As with most books and especially most programming books. there's a companion website which in this case is http://www.schrenk.com/nostarch/webbots/. Once there, you can download code libraries and sample scripts. The only provision is that you can't use these materials commercially (which is a bummer if you do this professionally...still, it's best to play by the rules).

Since Schrenk was so polite as to build a promotional website for the public, I decided to check it out. I found it interesting that the author refers to himself in the third person on his home page, especially when he talks about writing this book: "We offer both traditional online services as well as advanced strategies incorporating automated browsing agents called webbots. In fact, we wrote the book on webbots". I checked and Schrenk is the sole author of the book so "we" must be an attempt to create the illusion of having a corporate staff when in fact, Michael Schrenk is the corporate staff.

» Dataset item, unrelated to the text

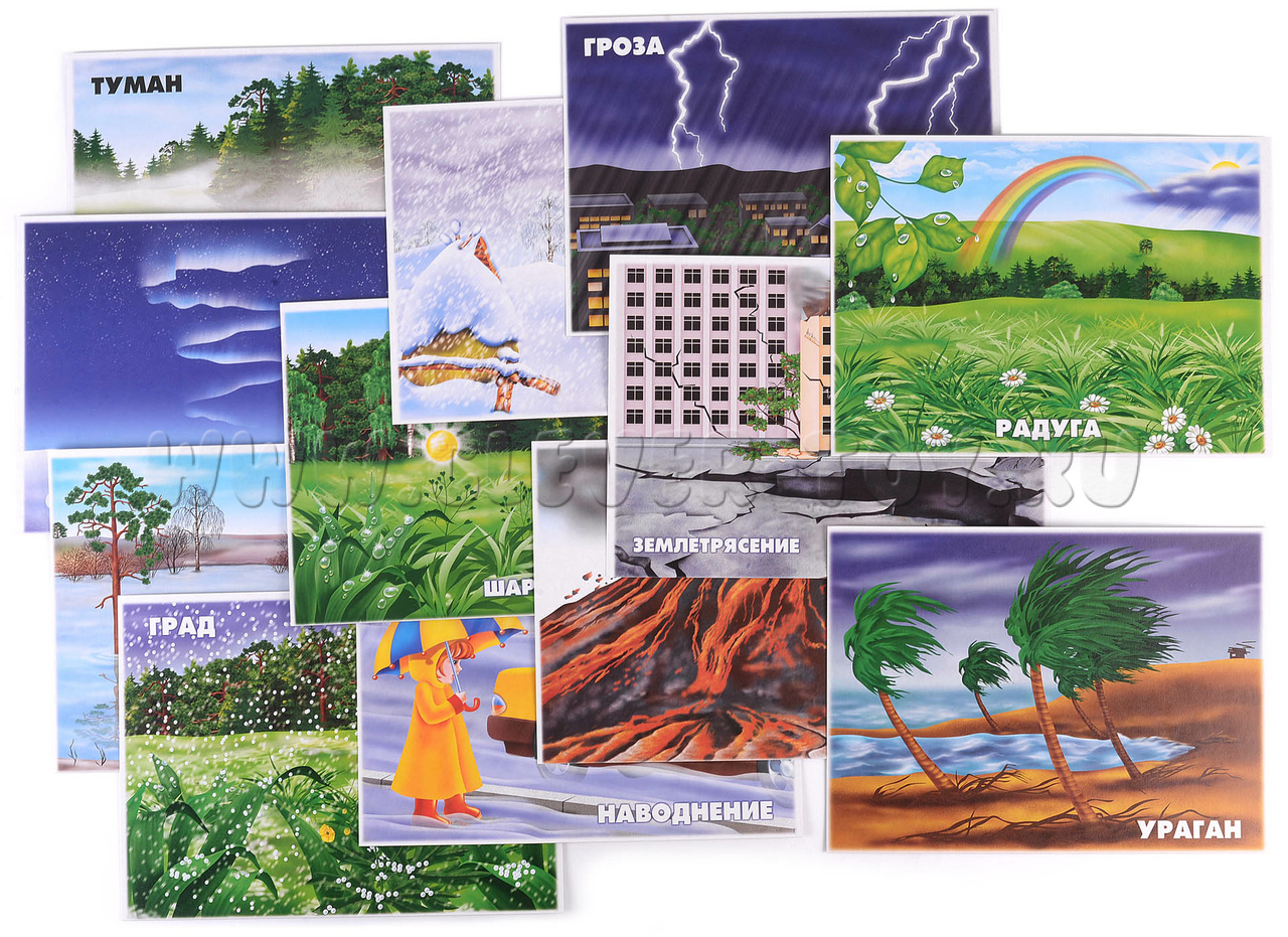 Предлагаем демонстрационный материал, знакомящий детей с явлениями природы. На картинках изображены все погодные и природные явления, которые происходят на нашей планете Земля. Пособие подходит для занятий в группах детского сада, а также индивидуально.

Oh, the book. I'm supposed to be reviewing the book (and I'll try not to hold it against the author that he mentions being a fan of The Brady Bunch). Ok, here goes. Learning the skills taught in this book is a little like learning to be "M"; developing and sending your "double-oh" agents out to solve problems and retrieve information. When you develop webbots, you are creating "representatives" of your intentions to the web (for good or for ill). Web robots tend to have a bad rep since the general public almost always is unaware of them until some cracker uses them to steal their identity, to spam them, or to load malicious adware on their PCs. Like most things however, there is both a light and dark side to consider.

If you are someone who is or plans to specialize in developing webbots for corporate use, this book contains all the information, skills, and tools you'll need to get going. Schrenk presents the material both with the authority that his eleven years of programming experience gives him and in a friendly, easy-to-read style. You don't have to necessarily "speak geek" to read this book.

The book's assumptions are spot on. If you don't have programming experience in general and PHP experience in specific, your learning curve will be steep if not just plain vertical. On the other hand, you don't have to be a programming genius to effectively use this book's content. I'd say the text's target audience falls in the beginner to intermediate range. Some of the screen shots indicate that the author develops on a Microsoft platform but the software tools he recommends (PHP, CURL, and MySQL) are freely available downloads. Using this book to learn webbot development won't cause you to break into your piggy bank (unless you can't afford the price of this text), plus we Linux people can also participate.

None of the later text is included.